### [RECORD EXCERPTS]
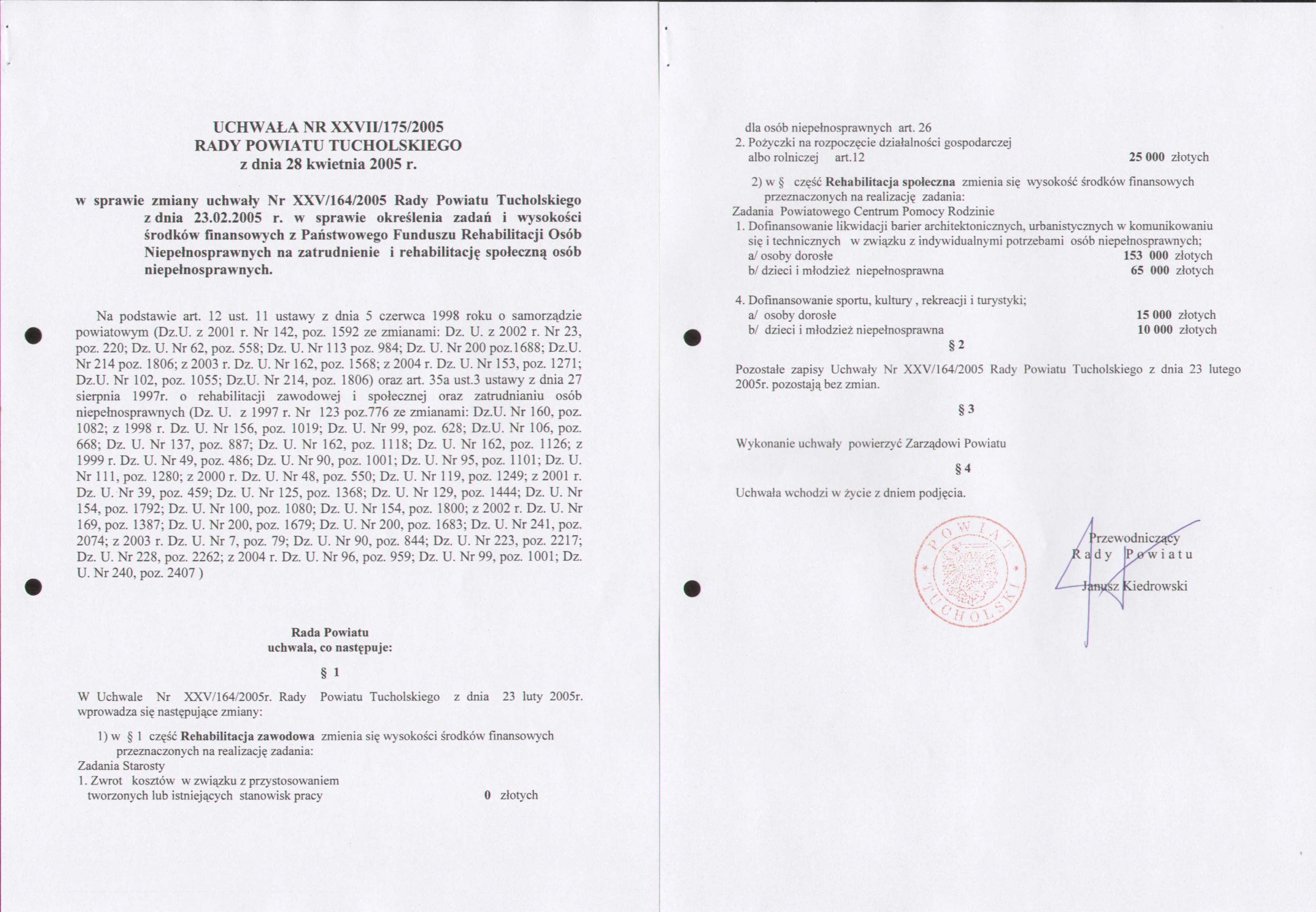 w sprawie zmiany uchwały Nr XXV/164/2005 Rady Powiatu Tucholskiego z dnia 23.02.2005 r. w sprawie określenia zadań i wysokości środków z Państwowego Funduszu Rehabilitacji Osób Niepełnosprawnych na zatrudnienie i rehabilitację społeczną osób niepełnosprawnych
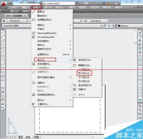 5、然后在菜单视图中选择视口项,新建两个视口
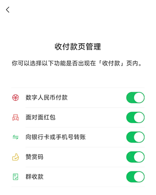在收付款页面中新增管理,支持关闭和打开功能按钮。
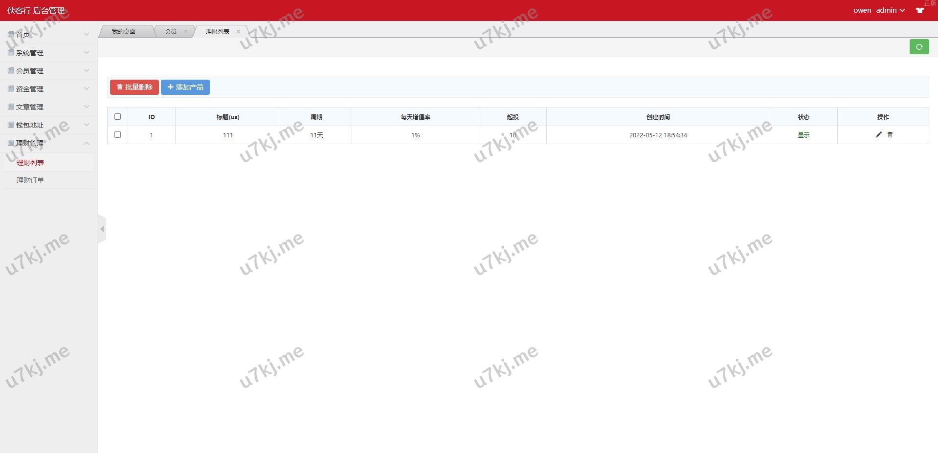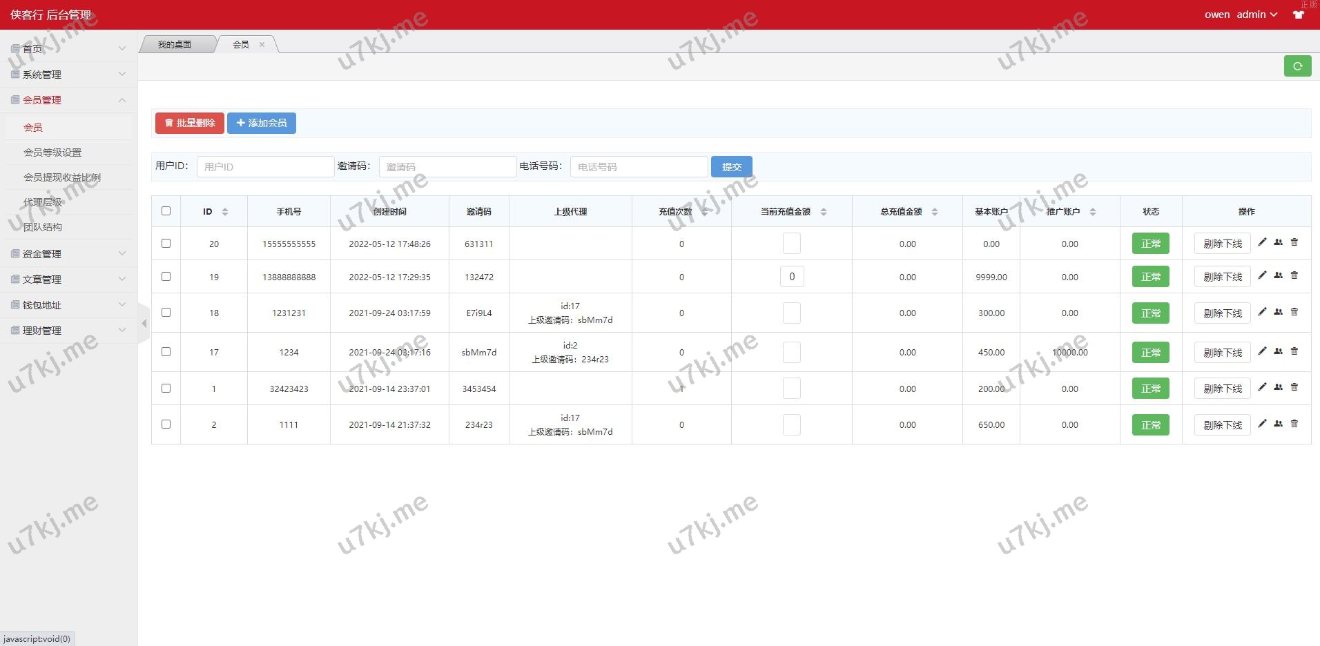 6. 会员列表,平台所有用户的信息,支持各种查询,点击pid可以查看每个用户的团队成员、基本信息、资金流水充值记录和提币记录
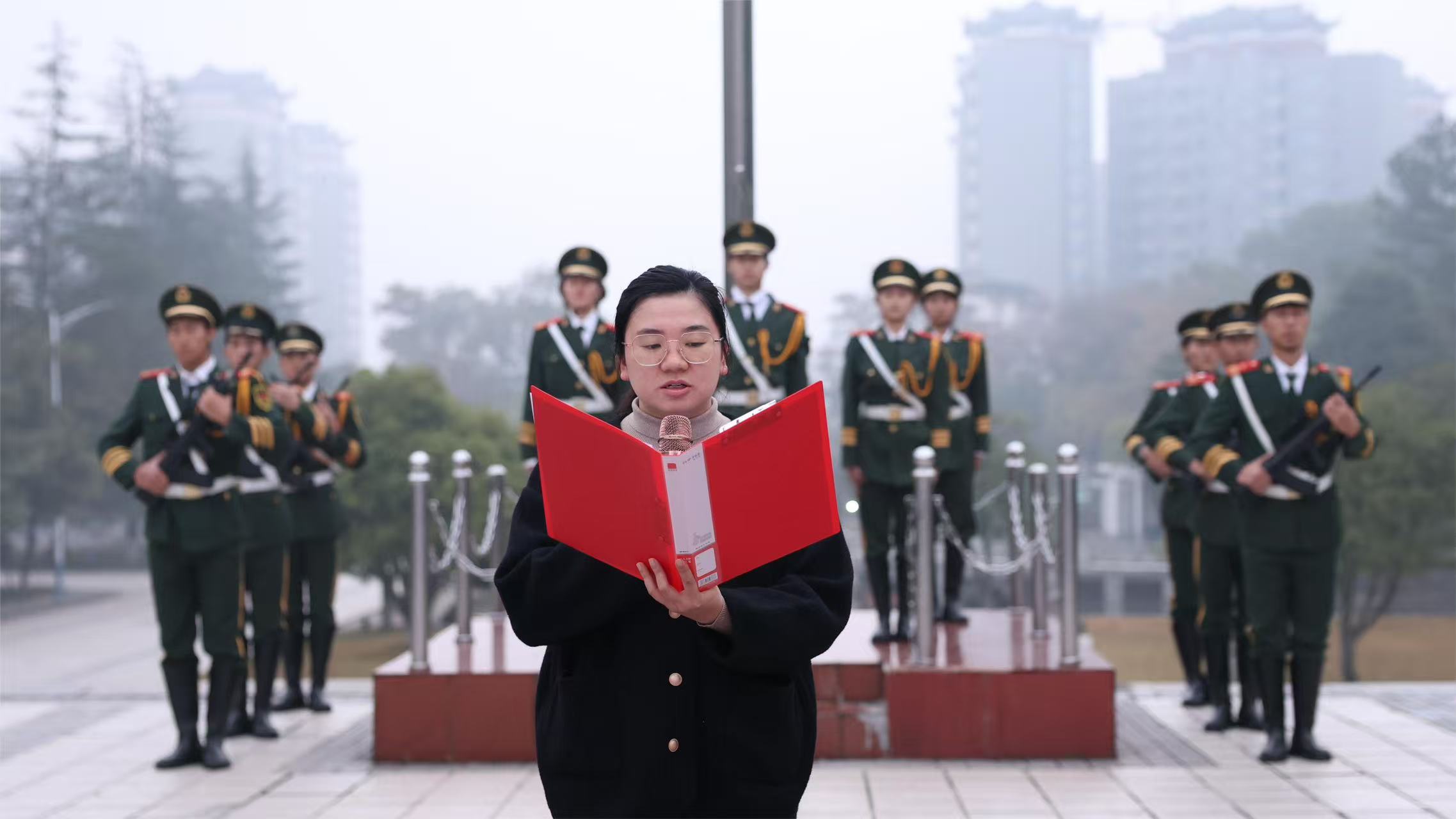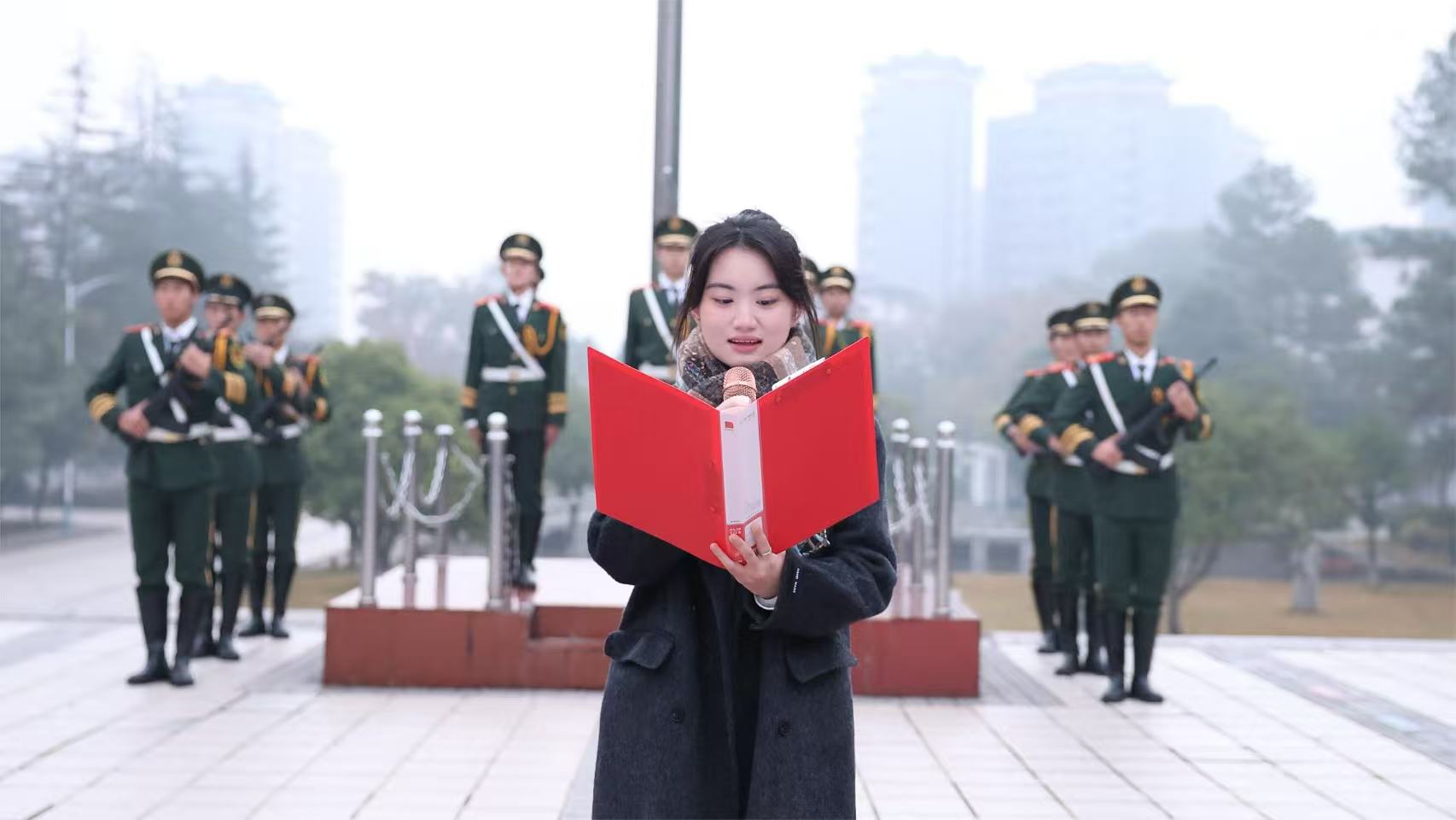 本网讯(通讯员 郭辉宇) 12月8日清晨,理学院在学校文化广场举行升国旗仪式。理学院党总支副书记欧阳素勤、全体辅导员大一、大二全体学生参加。升旗仪式由学工办主任康平老师主持。

### [TO DO]
Write the lines from the one with "5、然后在菜单视图中选择视口项,新建两个视口" through the last line of the entries out again exactly, both ends included, and skip the pictures.

### [OUTPUT FOR THIS EXERCISE]
 5、然后在菜单视图中选择视口项,新建两个视口
在收付款页面中新增管理,支持关闭和打开功能按钮。
 6. 会员列表,平台所有用户的信息,支持各种查询,点击pid可以查看每个用户的团队成员、基本信息、资金流水充值记录和提币记录
 本网讯(通讯员 郭辉宇) 12月8日清晨,理学院在学校文化广场举行升国旗仪式。理学院党总支副书记欧阳素勤、全体辅导员大一、大二全体学生参加。升旗仪式由学工办主任康平老师主持。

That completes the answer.